Editorial note: If you have not yet read our mission statement above, please do so in order that you can put our blogs in context.
17 February 2012
FROM OSCAR TO STALIN
“You wrote for the New Statesman? What did you write about?”
“Gramophone records”
“To sit on the fence is to stand on the wrong side of it – line him up, Gollancz.”
“Yes, Commissar.”
This nugget, which still has political traction, is extracted from ‘Where Engels Fears to Tread’, a mock review of a non-existent book ‘From Oscar to Stalin’ by a fictitious author Christian de Clavering who progresses from Eton, Christ Church and the Café Royal to his ultimate destiny as a Communist Party Commissar. The review is included in a collection of essays, ‘The Condemned Playground’ (1946) by the English literary luminary Cyril Connolly (1903-1974), who based de Clavering on his Eton and Oxford contemporary, the aesthete Brian Christian de Claiborne Howard (1905-1958). We have taken the liberty of changing Connolly’s “be” to “stand” on the grounds that it reads better – something of which Connolly would assuredly have approved were he still alive. There’s not much he can do about it now, in any case.
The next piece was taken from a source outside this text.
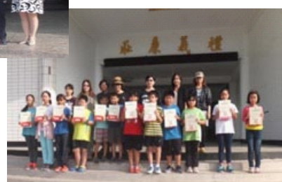
人權法治四格漫畫比賽頒獎

In an interesting aside, of no particular relevance to today’s thought for the day, Wikipedia credits Brian Christian de Claiborne Howard with coining the remark “Anybody seen in a bus over the age of 30 has been a failure in life”, whereas these days the quip is almost always said (wrongly) to have originated with Margaret Thatcher, who was UK Prime Minister from 1979 to 1990. The remark is said to have come into wider parlance when used by Loelia, Duchess of Westminster, in her memoir ‘Grace and Favour’ (1961).